Google Android VP Hugo Bara strongly believes that Android Still Lacks of Quality Android Apps and High End Tablets rather than low cost Nexus7 : The situation of Android tablets is improving fast, but there’s still a lot of work to be done for Google and its hardware partners. That’s the gist of a conversation that folks at The Verge had with Hugo Barra, the VP of Product Management for Android.

When talking about the problems that beset the Google-powered tablets (70 million have been activated at the last official count), Barra acknowledged that the situation with apps is still not perfect, though it improved dramatically in the last year or so:

The absolute position that we're in is one where well over 60 percent of the apps that you'd expect in a given category are already available with a decent tablet UI.

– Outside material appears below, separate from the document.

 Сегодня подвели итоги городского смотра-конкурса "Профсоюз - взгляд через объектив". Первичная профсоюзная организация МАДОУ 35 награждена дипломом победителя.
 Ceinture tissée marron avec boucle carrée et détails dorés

Google Android VP : Android Still Lacks of Quality Android Apps and High End Tablets rather than low cost  Nexus7


Over the past year or so, Google launched several initiatives to encourage developers to create tablet-optimized applications including a dedicated section for tablet apps in the Play Store and design guidelines for creating good Android tablet apps.

Another major area where the Android camp needs to step up its game is hardware, design, and build quality. Hugo Barra wants to see an Android tablet that is as “pristine” as HTC’s much lauded One smartphone:

If you look at the execution that HTC did on the One smartphone, it's pristine, {...} Why hasn't someone done that on the tablet? Or on like ten tablets?

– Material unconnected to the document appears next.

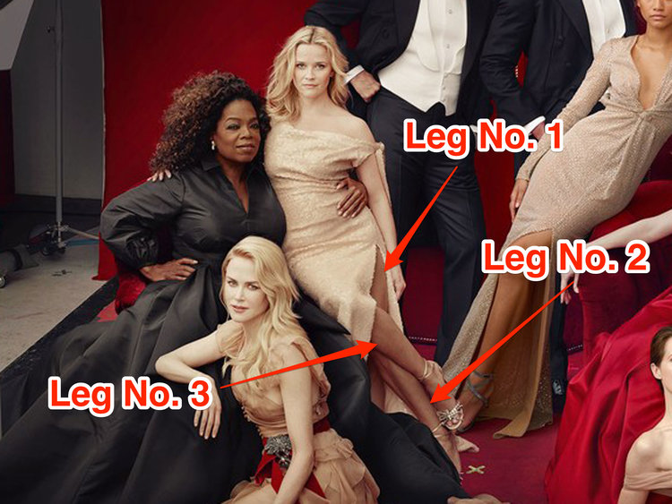 En la misma edición de Vanity Fair, la actriz Reese Witherspoon aparece con tres piernas.

The Android director goes on to offer one possible reason behind the dearth of HTC One-quality Android tablets – price. When designing the Nexus 7, Google and Asus were limited by the need to keep its price around $200. Barra argues that manufacturers could offer a pristine Android tablet in the $300-$400 price range:

I think we are perhaps coming close to it, but this is a $200 device, {…} If you were to price it at $300 or $400 you could do something a little bit more in that territory in terms of polish and finish and materials and so on. Why hasn't that happened yet?

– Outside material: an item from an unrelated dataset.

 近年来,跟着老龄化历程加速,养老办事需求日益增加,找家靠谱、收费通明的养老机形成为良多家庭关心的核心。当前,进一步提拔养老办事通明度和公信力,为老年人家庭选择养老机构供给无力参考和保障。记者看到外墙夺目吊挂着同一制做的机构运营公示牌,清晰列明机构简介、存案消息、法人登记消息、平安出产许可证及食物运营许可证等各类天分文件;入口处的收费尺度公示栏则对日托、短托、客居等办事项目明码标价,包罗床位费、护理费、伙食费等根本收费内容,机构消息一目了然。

The Google executive even seems to allude that such a high-quality Android tablet in the $300-$400 price range will be coming in the future, and that, while the Android ecosystem has been “lagging behind a little bit”, the situation is improving. It’s hard to tell if Hugo Barra was referring to the new Nexus 10 that Android chief Sundar Pichai recently talked about, or a totally new product.

The perspective of a Nexus 7-like user experience in a more polished (and more expensive) package is surely intriguing. On the other hand, lest we forget that the low price allowed the original Nexus 7 and many other Android tablets to steal market share from the iPad.

Would you buy a “high-end Nexus 7” for, say, $350?